Records from a dataset:
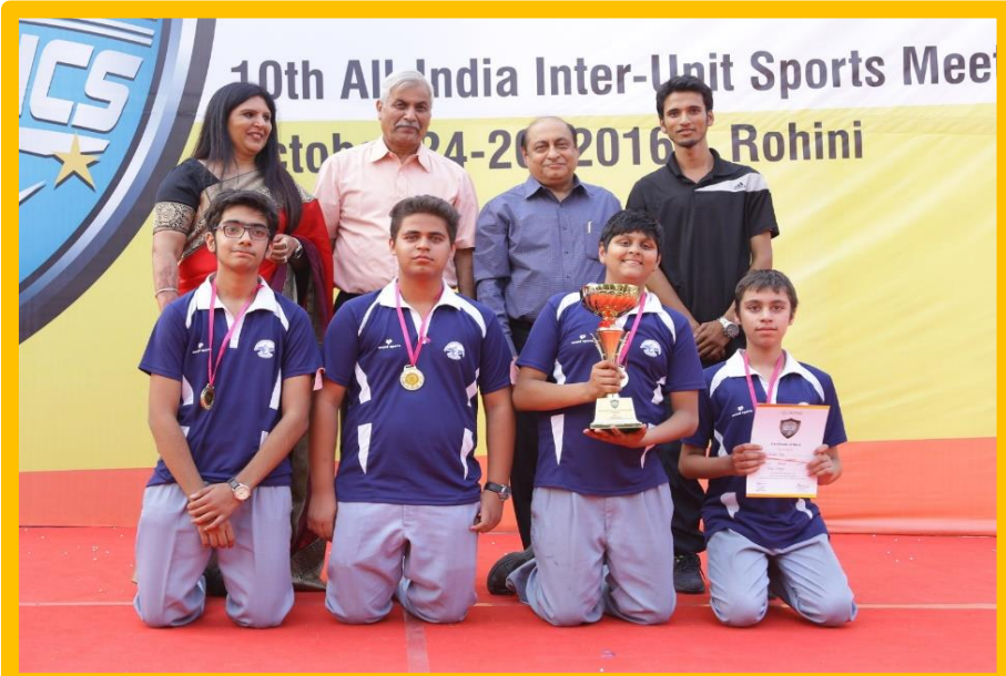
A Pillar of Strength
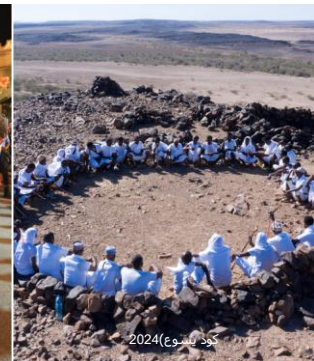
قانون يسوع 2024
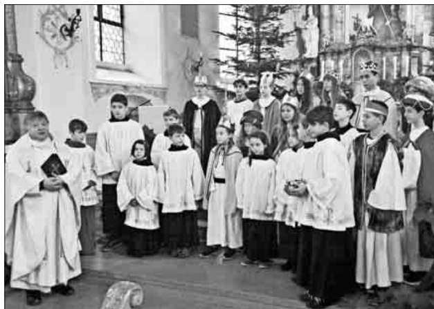
Die Sternsinger 2018

Ebenso ein Vergelt's Gott allen Helfern und Organisatoren der Sternsinger-Aktion 2018.
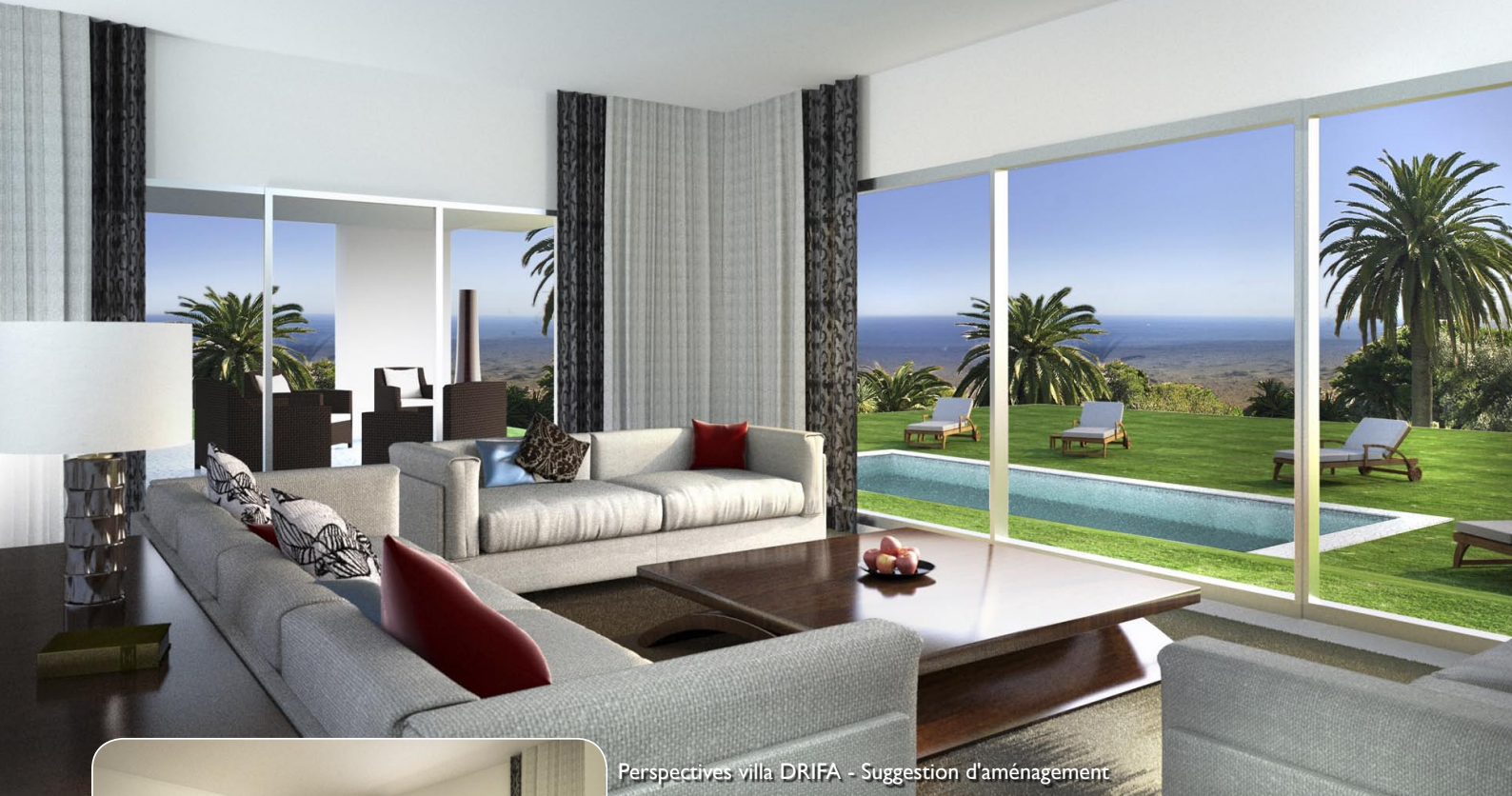
Perspectives villa DRIFA - Suggestion d'aménagement

◆ Assignment: Apart from the pictures, every line above must be printed exactly.

◆ Expected answer:
A Pillar of Strength
قانون يسوع 2024
Die Sternsinger 2018

Ebenso ein Vergelt's Gott allen Helfern und Organisatoren der Sternsinger-Aktion 2018.
Perspectives villa DRIFA - Suggestion d'aménagement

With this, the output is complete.